It wasn’t atheism. It was the ontology, and Sartre’s analysis of bad faith that seemed so different from the other philosophers I was reading — I mean Aquinas, Descartes, Kant.

Personal or academic challenges?

Languages. I’ve studied Latin, Spanish, French and German, but I’ve never done well or become fluent in any of them.

Earlier, you said as a kid you were interested in becoming a philosopher. As an undergrad, when did you decide to commit to philosophy exactly?

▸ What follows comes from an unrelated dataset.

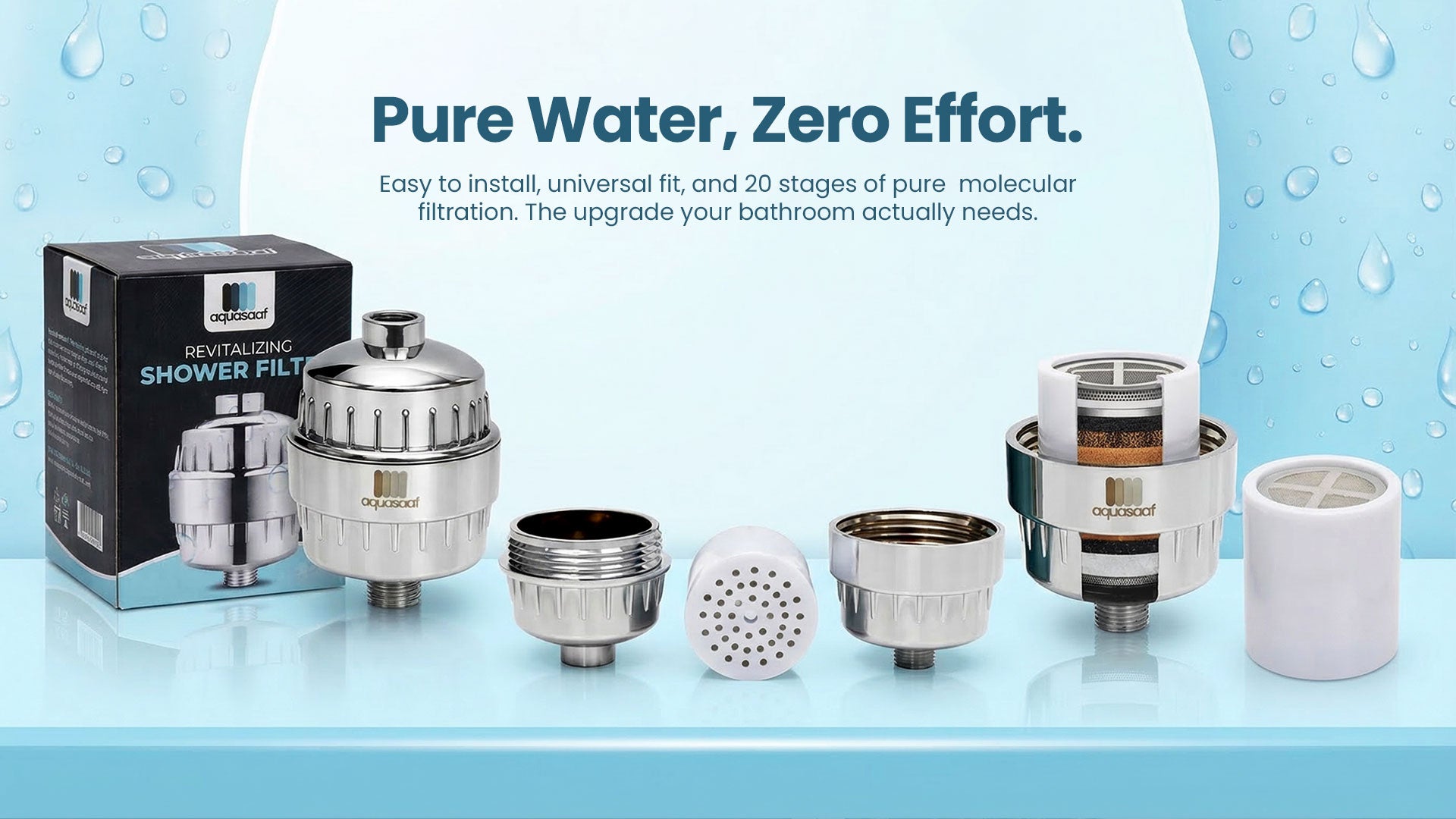 Stop showering in harsh chemicals! AquaSaaf eliminates 99% of chlorine and heavy metals that cause hair fall and dry skin. Choose the protection that fits your needs:

It’s difficult to say. I know I read much beyond my course work for the philosophy major. I was motivated enough to do a Master’s degree, and once I started that I was hooked. Good teachers again. Thomas Busch (for Sartre and Merleau-Ponty), Jack Caputo (for Husserl and Heidegger), and John Tich, whose course on Nietzsche was mainly about the Greeks (whom he could recite from memory in the original Greek) and Heidegger.

What did your parents make of this decision?

They were cool with it since they didn’t know what philosophy was.

Ha! Did you ever consider doing anything else?

Yes, I was a private detective for about three years. I worked for an agency investigating bank fraud among other things and I thought about getting my own license. Although I didn’t solve many cases the agency thought I was quite good because I knew how to write and they required written reports to keep their clients happy. There was a moment I considered going to law school, but my experience testifying in court on these bank cases quickly changed my mind.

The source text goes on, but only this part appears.